The comparison between Iran and Turkey is not very common in social science scholarship. There is some historical work that looks at the origins of the modernisation projects in Turkey and Iran, comparing Atatürk's era with his contemporary Reza Shah. But when it comes to more modern politics there is practically no serious work or research that looks at the two countries from a perspective of similarities, not necessarily contrasts. I think there are two reasons for that. One is that the political discourse about the two countries has become so pervasive that it's been almost taken on board by social scientists, political scientists, and international relations scholars themselves. That discourse has depicted Turkey and Iran since 1979 as polar opposites in all sorts of ways: Turkey being a pro-Western secular democracy, albeit a flawed one, and Iran being an anti-Western theocratic dictatorship. So it's like a black and white comparison or contrast. International relations scholarship has often taken on board these rather knee-jerk portrayals and caricaturisations.
That started changing when the AKP came to power in 2002. Over the course of the 21st century the "secular vs Islamic" binary was a bit complicated and muddled, but that led to new binaries emerging. Now that Turkey was under a Islamist government, the difference was within the framework of Islam, so Sunni Islam versus Shia Islam, or with reference to Turkey and Iran's imperial backgrounds: The Ottoman and neo-Ottoman versus Iranian imperial opposites.
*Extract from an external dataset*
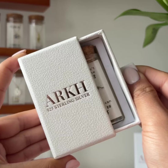 925 sterling silver studs presented as a message-in-a-bottle. The card reads "You can't stop the waves, but you can learn to surf" and features an original illustrated design. Delivered as a complete keepsake set of bottle, card, and jewellery.

It's always this notion of rivalry and opposition that is taken almost for granted in popular journalistic discourse, which feeds into scholarship as well. Having had an interest in Iranian politics from the late 2000s, and then having gone to Iran, traveled there and studied its language, I realised that not only was this a superficial binary to take on board, it concealed something that I saw was actually quite striking in terms of similarity. That was the existence historically and more in contemporary politics of institutions and actors of regime guardianship acting "in the interest of the nation and the people" in order to preserve a certain political ideological framework. In Turkey that was Kemalism and in Iran that was Khomeinism. I started taking interest in this and started looking more into how those discourses emerged in both countries, how they turned into political movements and institutions. I realised there was literally no attention being paid in popular, journalistic or academic fields into the similarity between these two countries on the basis of institutional architecture and ideological frameworks.
When I first started looking into this comparison in the late 2000s and early 2010s, the power struggle - between institutions of regime guardianship in both countries and the representatives of the people, as they call themselves, the elected governments - seemed to be reaching a new height. There was growing tension between those two sides in both countries. Politics was increasingly being articulated in terms of "guardianship vs democracy". That convinced me this is a comparison that needs to be made, explored further. I tried to do that in this book, which was originally my PhD thesis actually. I've spent a lot of time thinking and talking to people and reflecting on this concept.